(Stored data)
● ● ● ●

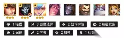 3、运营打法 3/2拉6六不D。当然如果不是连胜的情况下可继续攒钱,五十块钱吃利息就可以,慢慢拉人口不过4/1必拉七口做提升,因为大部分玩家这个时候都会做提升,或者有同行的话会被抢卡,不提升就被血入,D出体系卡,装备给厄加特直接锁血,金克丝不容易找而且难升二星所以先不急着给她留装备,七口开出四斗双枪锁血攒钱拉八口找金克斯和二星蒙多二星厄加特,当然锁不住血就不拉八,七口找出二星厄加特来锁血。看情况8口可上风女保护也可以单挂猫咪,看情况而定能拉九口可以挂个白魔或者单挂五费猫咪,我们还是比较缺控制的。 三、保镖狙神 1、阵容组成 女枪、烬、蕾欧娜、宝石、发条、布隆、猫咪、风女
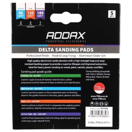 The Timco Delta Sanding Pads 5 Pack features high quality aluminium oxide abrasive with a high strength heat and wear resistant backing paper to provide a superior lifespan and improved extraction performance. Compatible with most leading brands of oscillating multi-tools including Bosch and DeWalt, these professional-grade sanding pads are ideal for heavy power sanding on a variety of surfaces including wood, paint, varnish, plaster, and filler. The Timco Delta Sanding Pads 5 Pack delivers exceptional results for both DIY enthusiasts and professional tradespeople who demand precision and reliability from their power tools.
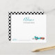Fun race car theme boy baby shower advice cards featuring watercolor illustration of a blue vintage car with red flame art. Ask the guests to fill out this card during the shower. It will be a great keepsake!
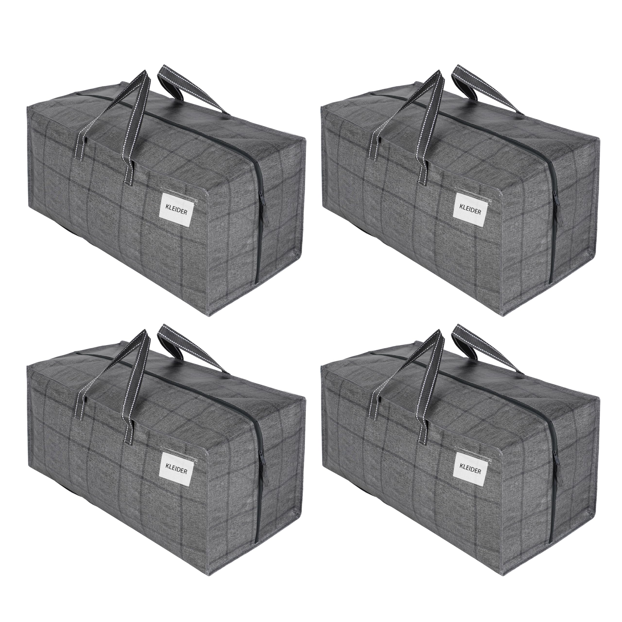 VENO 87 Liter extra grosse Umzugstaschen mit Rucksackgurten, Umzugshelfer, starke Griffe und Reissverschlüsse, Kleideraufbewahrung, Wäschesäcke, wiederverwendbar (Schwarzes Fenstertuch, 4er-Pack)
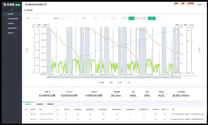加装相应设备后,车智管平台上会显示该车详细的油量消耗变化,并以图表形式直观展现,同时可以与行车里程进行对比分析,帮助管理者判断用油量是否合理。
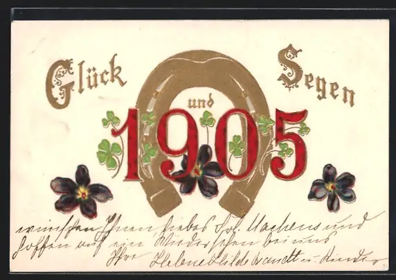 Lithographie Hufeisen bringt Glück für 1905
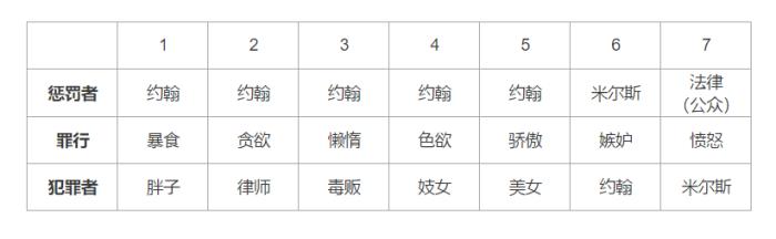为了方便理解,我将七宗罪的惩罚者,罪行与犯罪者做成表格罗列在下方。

● ● ● ●

__Try it__: From the first line to the last, output the data exactly, without the pictures.

__Reply__:
 3、运营打法 3/2拉6六不D。当然如果不是连胜的情况下可继续攒钱,五十块钱吃利息就可以,慢慢拉人口不过4/1必拉七口做提升,因为大部分玩家这个时候都会做提升,或者有同行的话会被抢卡,不提升就被血入,D出体系卡,装备给厄加特直接锁血,金克丝不容易找而且难升二星所以先不急着给她留装备,七口开出四斗双枪锁血攒钱拉八口找金克斯和二星蒙多二星厄加特,当然锁不住血就不拉八,七口找出二星厄加特来锁血。看情况8口可上风女保护也可以单挂猫咪,看情况而定能拉九口可以挂个白魔或者单挂五费猫咪,我们还是比较缺控制的。 三、保镖狙神 1、阵容组成 女枪、烬、蕾欧娜、宝石、发条、布隆、猫咪、风女
 The Timco Delta Sanding Pads 5 Pack features high quality aluminium oxide abrasive with a high strength heat and wear resistant backing paper to provide a superior lifespan and improved extraction performance. Compatible with most leading brands of oscillating multi-tools including Bosch and DeWalt, these professional-grade sanding pads are ideal for heavy power sanding on a variety of surfaces including wood, paint, varnish, plaster, and filler. The Timco Delta Sanding Pads 5 Pack delivers exceptional results for both DIY enthusiasts and professional tradespeople who demand precision and reliability from their power tools.
Fun race car theme boy baby shower advice cards featuring watercolor illustration of a blue vintage car with red flame art. Ask the guests to fill out this card during the shower. It will be a great keepsake!
 VENO 87 Liter extra grosse Umzugstaschen mit Rucksackgurten, Umzugshelfer, starke Griffe und Reissverschlüsse, Kleideraufbewahrung, Wäschesäcke, wiederverwendbar (Schwarzes Fenstertuch, 4er-Pack)
加装相应设备后,车智管平台上会显示该车详细的油量消耗变化,并以图表形式直观展现,同时可以与行车里程进行对比分析,帮助管理者判断用油量是否合理。
 Lithographie Hufeisen bringt Glück für 1905
为了方便理解,我将七宗罪的惩罚者,罪行与犯罪者做成表格罗列在下方。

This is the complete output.